───── Provided information

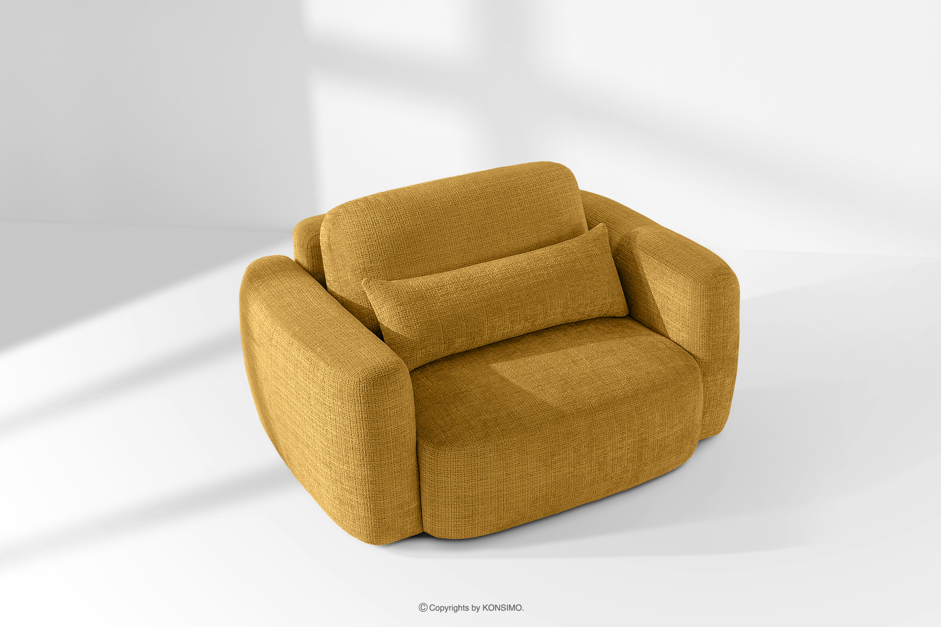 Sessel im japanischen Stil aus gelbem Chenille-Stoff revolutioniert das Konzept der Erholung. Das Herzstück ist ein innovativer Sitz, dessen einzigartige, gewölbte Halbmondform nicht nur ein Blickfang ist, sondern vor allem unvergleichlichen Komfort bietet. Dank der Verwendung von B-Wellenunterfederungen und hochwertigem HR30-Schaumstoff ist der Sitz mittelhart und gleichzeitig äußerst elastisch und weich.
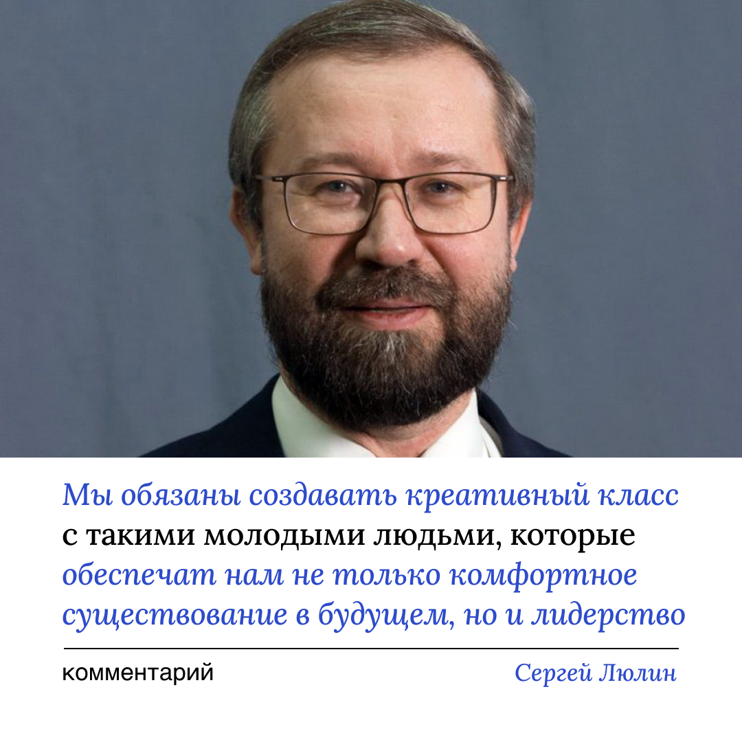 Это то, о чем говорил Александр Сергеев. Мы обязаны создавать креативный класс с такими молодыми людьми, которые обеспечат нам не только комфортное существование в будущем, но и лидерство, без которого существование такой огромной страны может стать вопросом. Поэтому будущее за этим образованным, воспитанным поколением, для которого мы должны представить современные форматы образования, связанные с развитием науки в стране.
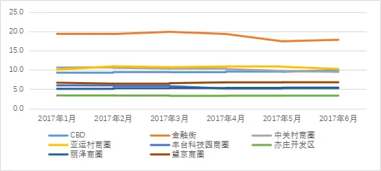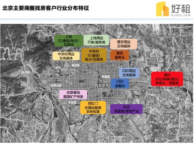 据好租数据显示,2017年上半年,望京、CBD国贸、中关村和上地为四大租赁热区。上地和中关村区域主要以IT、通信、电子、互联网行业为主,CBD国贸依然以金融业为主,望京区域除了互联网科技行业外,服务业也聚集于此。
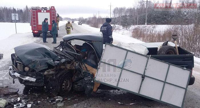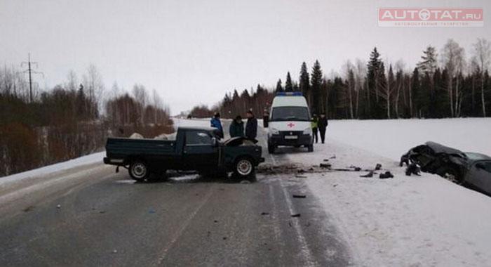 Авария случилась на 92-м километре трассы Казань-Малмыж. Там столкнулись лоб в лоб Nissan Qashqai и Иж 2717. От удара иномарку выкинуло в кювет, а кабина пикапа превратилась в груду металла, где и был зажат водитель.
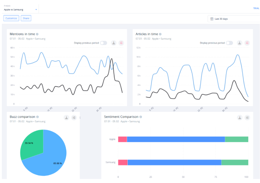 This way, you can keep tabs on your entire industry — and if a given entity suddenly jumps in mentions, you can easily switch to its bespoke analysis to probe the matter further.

──────────

### [Task goal]
Starting with the line that contains "据好租数据显示,2017年上", repeat each line exactly through the last line of the data above, and nothing more; the pictures stay out.

### [Result of the task]
 据好租数据显示,2017年上半年,望京、CBD国贸、中关村和上地为四大租赁热区。上地和中关村区域主要以IT、通信、电子、互联网行业为主,CBD国贸依然以金融业为主,望京区域除了互联网科技行业外,服务业也聚集于此。
 Авария случилась на 92-м километре трассы Казань-Малмыж. Там столкнулись лоб в лоб Nissan Qashqai и Иж 2717. От удара иномарку выкинуло в кювет, а кабина пикапа превратилась в груду металла, где и был зажат водитель.
 This way, you can keep tabs on your entire industry — and if a given entity suddenly jumps in mentions, you can easily switch to its bespoke analysis to probe the matter further.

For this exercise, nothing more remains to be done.